アメリカのペーパーバックのように、本の天や小口が黄色く着色された細長のサイズ。文庫本より少し大きく、文章は二段組みレイアウト。表紙は抽象的な油絵の装丁。そして、ビニールのカバー、昔からちっとも変わらない。持っているだけで、カッコイイと思ったものだ。
このポケットミステリとのつきあいは長く、中学からだ。そもそも早川書房の本に出会ったのは「SFマガジン」という雑誌を立ち読みしだしてからで、その後、星新一や小松左京などのSFショートショートを読み始めた。

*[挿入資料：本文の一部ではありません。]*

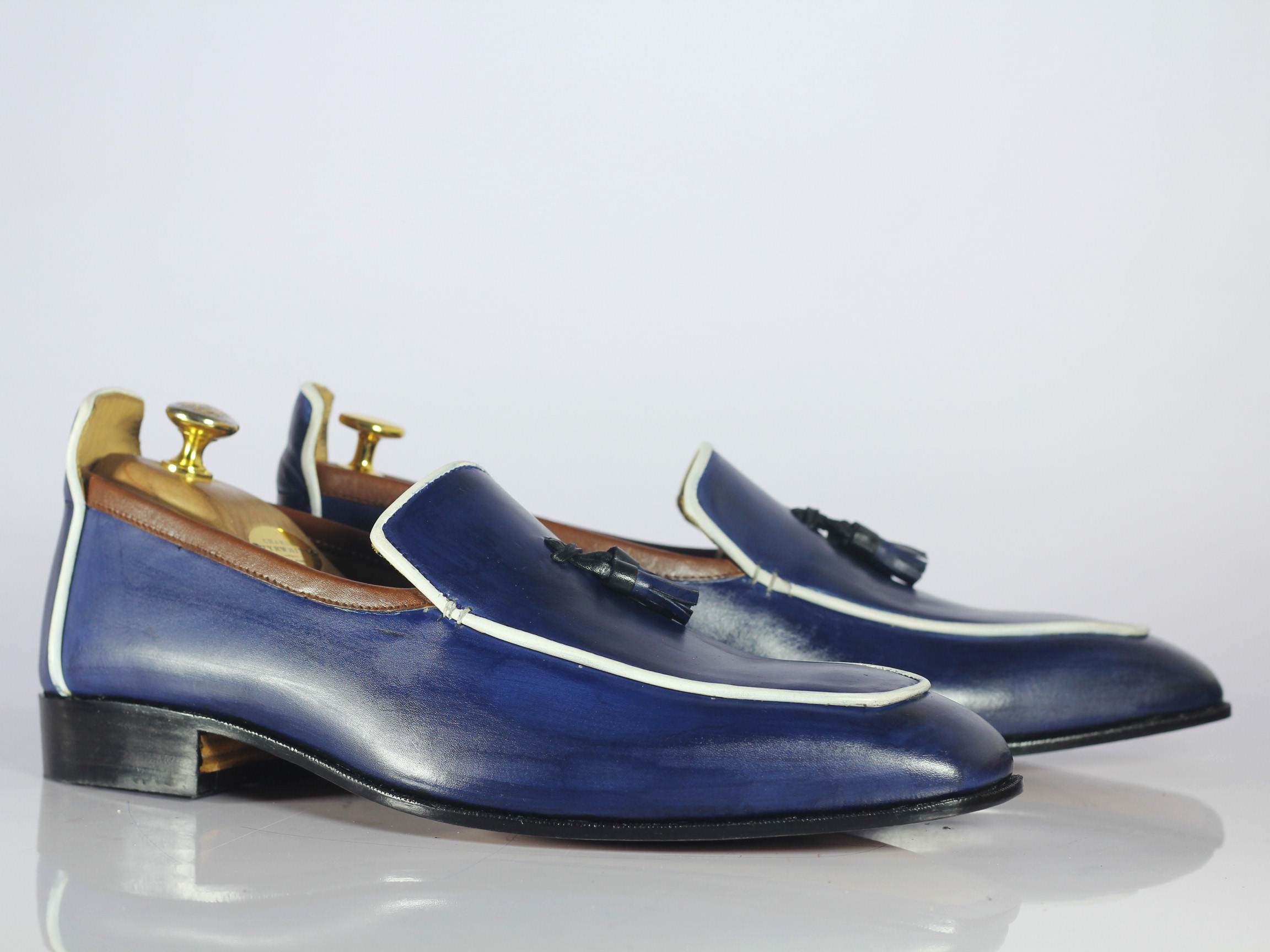 Handmade Blue Tussles Leather Loafers Shoes Stylish Shoes For Men's

SFは体質に合わなかったのか、イアン・フレミングの007が流行しだしたこともあって「ミステリマガジン」を読むようになった。多分初めて買ったポケット・ミステリも007だったのだろう。なんでも、1953年刊行開始というから、わたしの歳とあまり変わらない。こちらは今、世界最大・最長のミステリシリーズに育っているらしい。
映画を見たら本を買う、本を読んだら映画を見るという感じでイアン・フレミングの007はほとんど読んでいると思う。TVの「ナポレオン・ソロ」のポケットミステリも読んだと思う。その後、はまったのは、「87分署」シリーズであり「マイク・ハマー」であり、「ヴァージル・ティップス」であり、チャンドラーでありと、ハードボイルドに一直線にのめり込んでいった。
クリスティやウールリッチといった、本格ミステリーの何冊かは読んだが、こちらはあまり合わなかった。いわゆる謎解きとかトリックを見破るとかの思考回路が全く稼働しなくて、なるほどなるほどと、感心するだけで終わってしまう。やっぱり映画的に映像が見えてくる、あるいはスタイルにこだわるミステリの本の方が好きみたいだ。
このハヤカワのポケットミステリ、紀伊国屋やなどの大きな本屋でもちょっとの在庫しかないという時期もあったが、最近は人気も持ち直してきたようだ。たまにアメリカ探偵作家クラブ賞のものとかを読むと、やっぱり面白い。人間の息遣いが聞こえてくるような、リアルなミステリが増えている。多彩なミステリの世界を、このシリーズは今も広げつつある。